# Data Restructure
> The practice and procedure of achieving Tidy Data
- toc:true -branch:master -badges:true
- comments:false
- categories: [fastpages, jupyter]



![](my_icons/clean.jpeg)

## Introduction

Some couple of weeks ago, I can remember I drew your attention to the bitter truth about Data Science. In that piece, I posited that beyond the 'sexiness' and other euphemisms wrapped around the practice of Data Science, Data Science is Data wrangling and cleaning! How else can one describe a profession where over 90 per cent of its activities revolves around data cleaning and wrangling?

I'm happy my mentors drilled this concept of Data Science into my subconscious mind at the very beginning of my encounter with Data Science.

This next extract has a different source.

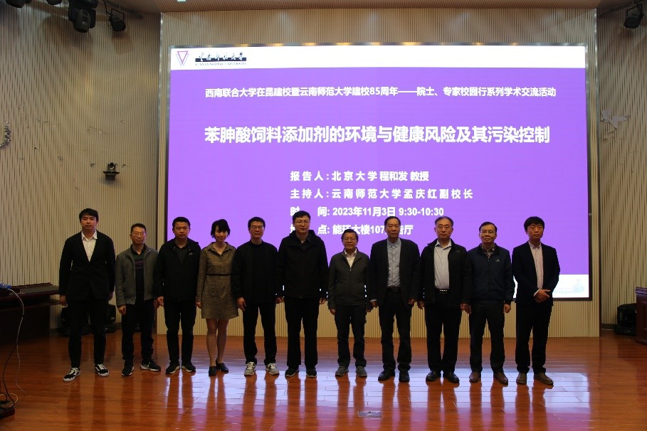 11月3日上午,北京大学程和发教授应我校邀请做客西南联大高端学术论坛,为100余名师生作题为《苯胂酸饲料添加剂的环境与健康风险及其污染控制》的学术报告。论坛由副校长孟庆红教授主持。

The view that Data Cleaning and wrangling form a more significant part of Data Science practice has not only humbled me but has helped me to develop a growth mindset in my quest to learn and practice Data Science. To this end, the majority of the data in the wild will need a significant amount of restructuring before commencing a more detailed analysis.

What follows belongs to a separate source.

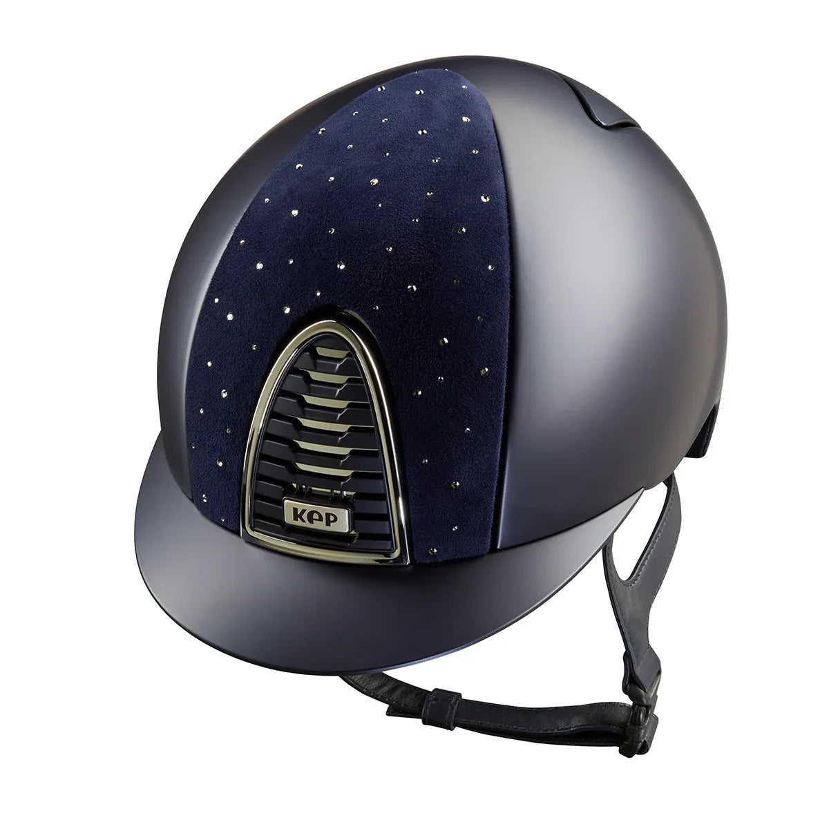 Fine suede embellished with Swarovski® crystals that elegantly capture the light. With its essential design, Goccia is a timeless classic, perfect for those who love elegance in its purest form. Designed and manufactured 100% in Italy, the Cromo 2.0 riding helmet by KEP Italia combines innovation, safety, and style. Elegant and durable design. The outer shell is made of in-molded polycarbonate, ensuring comfort and maximum safety in the saddle. Limitless customization. Thanks to the interlocking system, you can independently replace the front/rear inserts and visor, even after purchase.

My attention this week is turned to the concept and practice of data restructuring or 'tidy data'. Tidy data is one topic; in my opinion, critical to building a solid foundation in Data Science. Data restructure as a procedure has grown in lips and bounds so much so that in data science and analysis parlance, thanks to [Hadley Wickham]('http://vita.had.co.nz/papers/tidy-data.pdf') is now popularly referred to as **Tidy Data**



## What is Tidy Data?

The concept of Tidy Data will be best understood when demonstrated than theoretically explained. To this end, in the course of this piece, I will use examples from real-life data to make the topic more interactive and possibly hands-on.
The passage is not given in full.